Bite-Sized CrossFit Concepts: “Cardio”
(or Why We Don’t Program “Murph” Every Day)
For today’s bite, let’s take on the elephant in the room: cardio.
The mainstream fitness prescription calls for spending hours and hours “burning calories” on the treadmill (or elliptical, or exercise bike, or whatever the cardio machine du jour happens to be.)
We do not like this.
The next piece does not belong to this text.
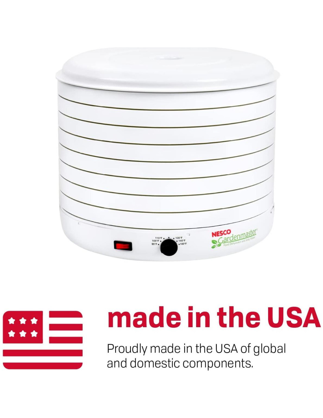 El deshidratador de alimentos NESCO FD-1018A Gardenmaster es 1000 vatios de pura potencia de secado. Con la tecnología Converga-Flow, el aire es forzado hacia arriba y a través de las bandejas hacia el centro, proporcionando un secado rápido, uniforme y nutritivo de tus alimentos favoritos. Cada una de las 8 bandejas son libres de BPA y se pueden expandir hasta 30 bandejas. Un control de temperatura ajustable de 95F-160F (35C-71C) acomoda una variedad de alimentos. Puedes secar más alimentos más rápido con el deshidratador de alimentos NESCO Gardenmaster. Este modelo incluye 8 hojas para rollos de fruta, 8 pantallas de limpieza, una muestra de condimento y cura para jerky, y un libro de recetas e instrucciones de 52 páginas.

Here’s why.
Long duration “cardio” is exclusively aerobic training, utilizing the oxidative pathway (we’ll talk more about this in a future Bite-Sized CrossFit Concept.) Aerobic training improves cardiovascular function and decreases body fat. However, it also decreases muscle mass, strength, speed, and power. This is why you find marathon runners who can only jump a couple of inches off the ground!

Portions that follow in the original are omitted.